Essa influência ideológica no ensino, entretanto, não é exclusividade do governo federal; naquele mesmo ano de 2007, a Gazeta do Povo denunciou o viés esquerdista de vários outros vestibulares, de instituições públicas e particulares, bem como a ideologização presente nos livros didáticos elaborados pelo governo estadual para o ensino público. Outros veículos de comunicação destacaram que o conteúdo de esquerda estava presentes em apostilas e livros de colégios privados. Desde então, pouca coisa parece ter mudado: o livro didático público de Educação Física oferecido pelo governo estadual, apontado pela Gazeta do Povo como exemplo de ideologização, continua a apresentar as mesmas críticas ao capitalismo e informações enviesadas, como quando condena o uso político do futebol pelas ditaduras brasileira e argentina, mas silencia sobre o mesmo uso político dos esportes em ditaduras como Cuba e os países do antigo bloco socialista.

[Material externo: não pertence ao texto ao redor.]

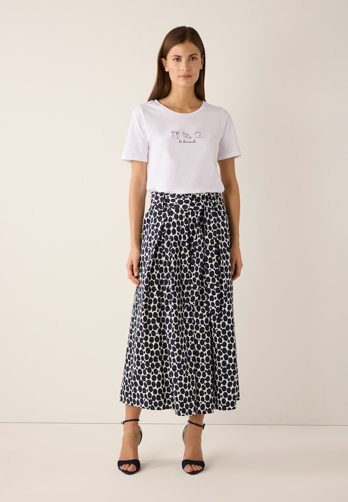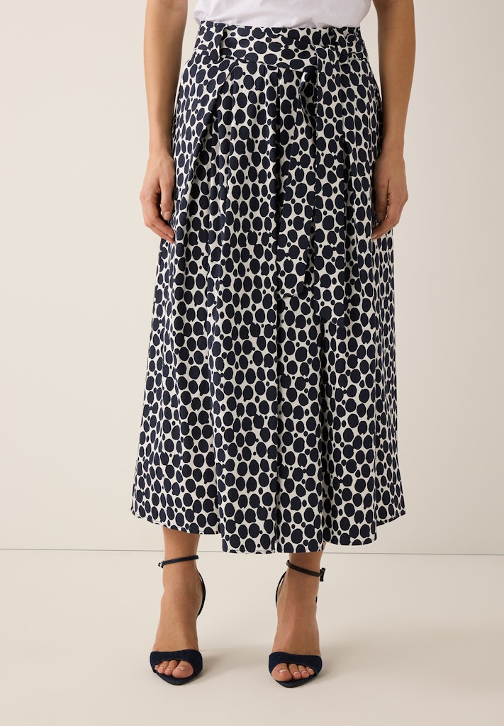 Den weit-ausgestellten Baumwollrock von MORE & MORE mit 2-farbigem Tupfen-Print in marine/ecru und Bindegürtel können Sie ganz casual mit T-Shirt und Sneakers stylen oder aber etwas eleganter mit Blusentop und Heels.

A denúncia, portanto, continua atual. A ideologização no ensino médio, no entanto, tem suas origens na ideologização das universidades – meio pregado pelo teórico socialista Antonio Gramsci durante o século passado, como alternativa à tomada violenta do poder –, já que é dessas instituições que vêm os professores de ensino médio e os autores de material didático. Os episódios recentes na Universidade de São Paulo revelam como o movimento estudantil e sindical dentro da USP se tornou uma extensão de grupos de orientação trotskista, alheios às vontades dos estudantes, que em sua maioria preferiram ignorar a greve realizada em junho – na medida do possível, pois são vários os relatos de aulas interrompidas pelos grevistas, com direito a ameaças por parte dos manifestantes.

Assim, o trabalho de tornar o ensino médio livre de influências ideológicas exige frentes diversas: enquanto pais e educadores comprometidos com um ensino de qualidade precisam fiscalizar o conteúdo passado aos alunos, também é preciso que as universidades voltem a se tornar centros em que a prioridade seja a produção e disseminação de conhecimento, e não a difusão de doutrinas anacrônicas e amplamente rejeitadas em todos os países onde se tentou sua implantação.